### Assignment
In the listing below, find the line that contains "- vodný stôl, vodný" and the line that contains "北约方面和美国都在对美军的此". Quote both and every line between them, exactly, and nothing more.

Start of Source material

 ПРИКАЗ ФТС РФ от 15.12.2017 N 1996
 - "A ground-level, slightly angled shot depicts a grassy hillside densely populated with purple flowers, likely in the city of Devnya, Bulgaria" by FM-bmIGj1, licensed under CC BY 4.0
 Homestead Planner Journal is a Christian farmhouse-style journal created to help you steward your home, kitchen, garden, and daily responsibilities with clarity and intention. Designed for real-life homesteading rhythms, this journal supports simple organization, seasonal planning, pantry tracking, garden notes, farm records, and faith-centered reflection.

End of Source material
Start of Source material

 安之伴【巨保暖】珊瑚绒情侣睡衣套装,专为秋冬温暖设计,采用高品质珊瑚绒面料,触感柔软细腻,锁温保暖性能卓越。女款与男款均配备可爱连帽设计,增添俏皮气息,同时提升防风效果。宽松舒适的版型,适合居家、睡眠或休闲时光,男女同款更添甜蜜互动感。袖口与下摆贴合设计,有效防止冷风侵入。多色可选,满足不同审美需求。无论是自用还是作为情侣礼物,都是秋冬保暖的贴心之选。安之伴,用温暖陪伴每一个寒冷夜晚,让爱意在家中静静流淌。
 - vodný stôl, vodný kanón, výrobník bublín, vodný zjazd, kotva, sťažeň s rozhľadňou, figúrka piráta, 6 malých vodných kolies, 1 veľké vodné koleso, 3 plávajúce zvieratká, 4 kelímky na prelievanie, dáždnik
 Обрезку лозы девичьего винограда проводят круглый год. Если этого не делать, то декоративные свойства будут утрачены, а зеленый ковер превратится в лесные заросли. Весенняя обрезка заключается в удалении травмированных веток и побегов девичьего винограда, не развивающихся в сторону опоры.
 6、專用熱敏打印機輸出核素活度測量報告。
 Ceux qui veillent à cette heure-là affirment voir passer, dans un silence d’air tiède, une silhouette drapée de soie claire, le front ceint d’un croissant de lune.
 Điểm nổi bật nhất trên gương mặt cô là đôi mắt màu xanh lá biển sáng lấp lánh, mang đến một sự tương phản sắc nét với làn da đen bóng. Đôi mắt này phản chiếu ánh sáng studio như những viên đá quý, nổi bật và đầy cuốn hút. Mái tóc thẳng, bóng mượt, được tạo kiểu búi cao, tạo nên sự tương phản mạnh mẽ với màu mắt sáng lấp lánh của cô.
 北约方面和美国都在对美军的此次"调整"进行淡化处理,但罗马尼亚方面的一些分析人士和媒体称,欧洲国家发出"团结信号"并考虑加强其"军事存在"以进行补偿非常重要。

End of Source material
Start of Source material

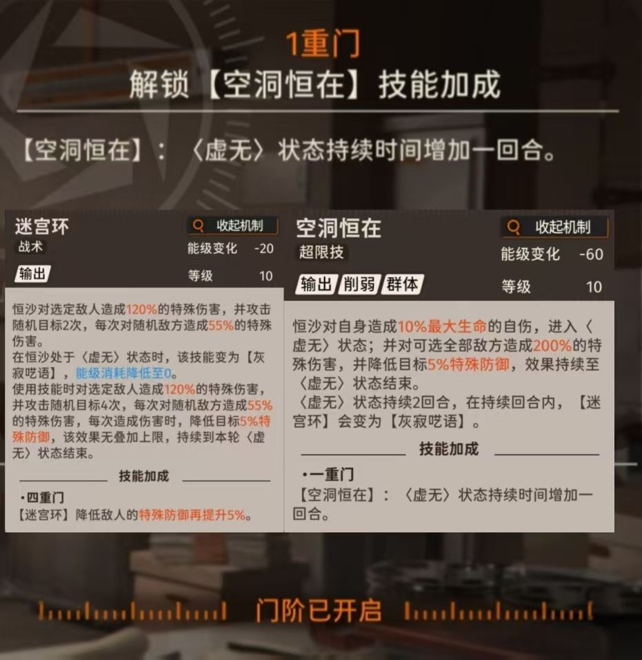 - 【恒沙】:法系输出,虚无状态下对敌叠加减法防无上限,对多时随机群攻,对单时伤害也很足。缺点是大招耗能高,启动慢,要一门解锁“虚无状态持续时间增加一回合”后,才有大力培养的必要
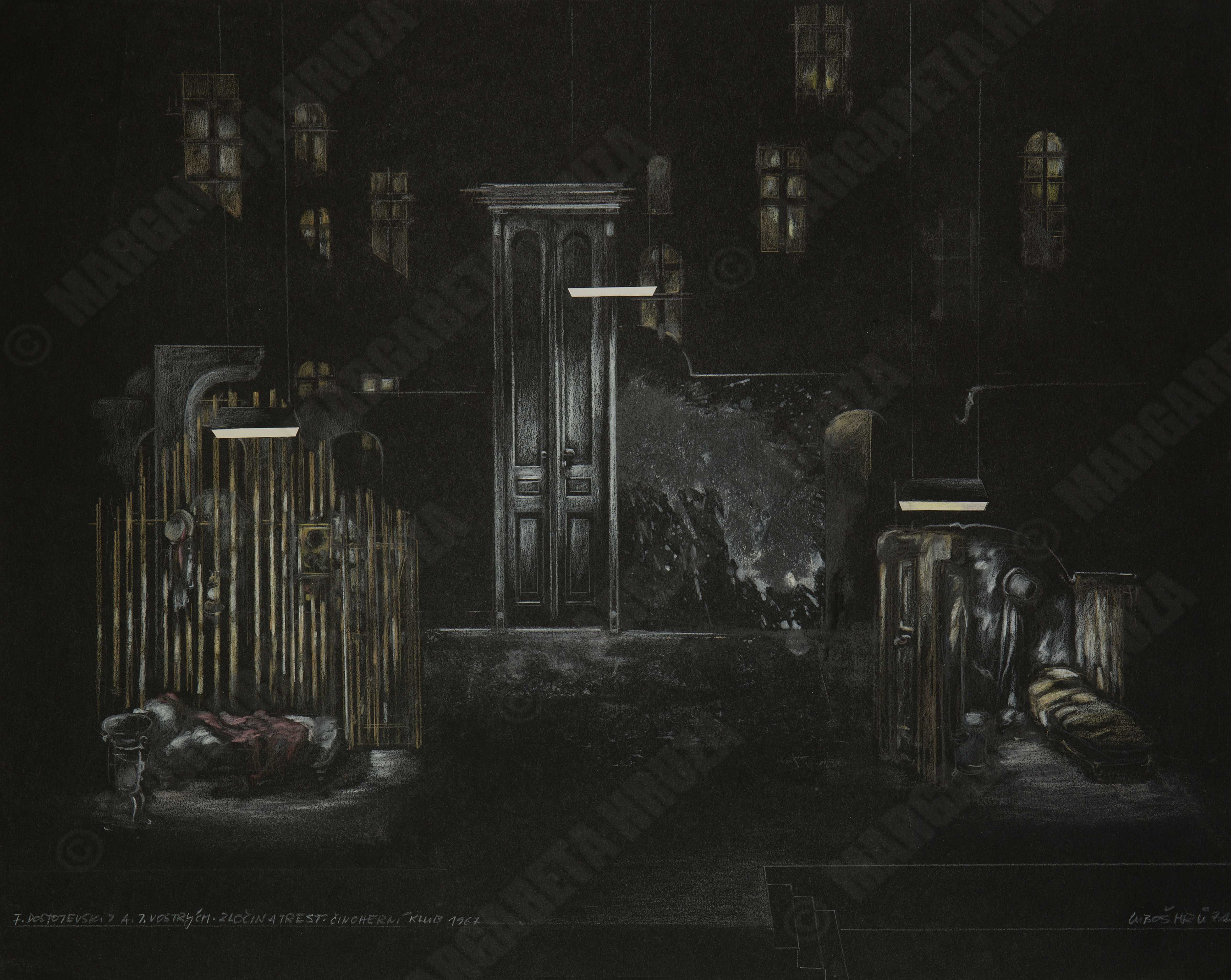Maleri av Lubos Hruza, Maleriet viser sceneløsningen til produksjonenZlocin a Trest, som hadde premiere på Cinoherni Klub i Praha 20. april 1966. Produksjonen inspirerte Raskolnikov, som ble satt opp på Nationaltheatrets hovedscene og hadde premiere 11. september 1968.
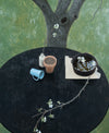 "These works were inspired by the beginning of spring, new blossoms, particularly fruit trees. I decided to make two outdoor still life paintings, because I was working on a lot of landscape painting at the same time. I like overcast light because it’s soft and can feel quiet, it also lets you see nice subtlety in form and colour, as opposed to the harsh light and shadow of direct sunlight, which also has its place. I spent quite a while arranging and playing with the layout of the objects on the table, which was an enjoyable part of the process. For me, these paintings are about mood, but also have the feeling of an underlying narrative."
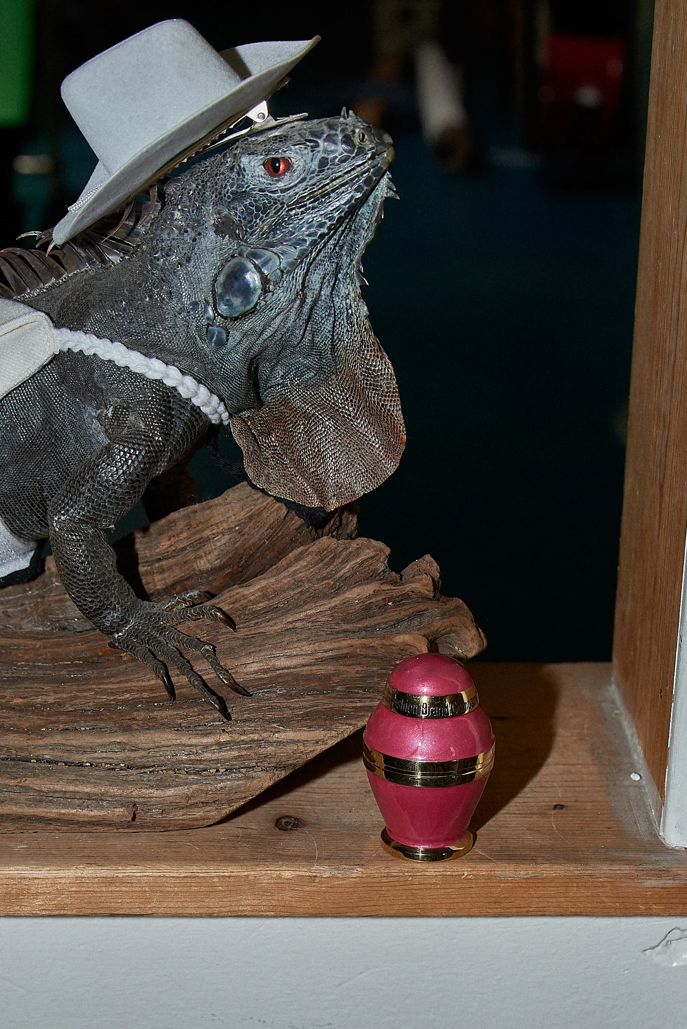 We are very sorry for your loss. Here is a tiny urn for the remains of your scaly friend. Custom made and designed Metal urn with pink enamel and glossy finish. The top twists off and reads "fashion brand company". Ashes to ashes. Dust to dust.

End of Source material

### Exercise output
 - vodný stôl, vodný kanón, výrobník bublín, vodný zjazd, kotva, sťažeň s rozhľadňou, figúrka piráta, 6 malých vodných kolies, 1 veľké vodné koleso, 3 plávajúce zvieratká, 4 kelímky na prelievanie, dáždnik
 Обрезку лозы девичьего винограда проводят круглый год. Если этого не делать, то декоративные свойства будут утрачены, а зеленый ковер превратится в лесные заросли. Весенняя обрезка заключается в удалении травмированных веток и побегов девичьего винограда, не развивающихся в сторону опоры.
 6、專用熱敏打印機輸出核素活度測量報告。
 Ceux qui veillent à cette heure-là affirment voir passer, dans un silence d’air tiède, une silhouette drapée de soie claire, le front ceint d’un croissant de lune.
 Điểm nổi bật nhất trên gương mặt cô là đôi mắt màu xanh lá biển sáng lấp lánh, mang đến một sự tương phản sắc nét với làn da đen bóng. Đôi mắt này phản chiếu ánh sáng studio như những viên đá quý, nổi bật và đầy cuốn hút. Mái tóc thẳng, bóng mượt, được tạo kiểu búi cao, tạo nên sự tương phản mạnh mẽ với màu mắt sáng lấp lánh của cô.
 北约方面和美国都在对美军的此次"调整"进行淡化处理,但罗马尼亚方面的一些分析人士和媒体称,欧洲国家发出"团结信号"并考虑加强其"军事存在"以进行补偿非常重要。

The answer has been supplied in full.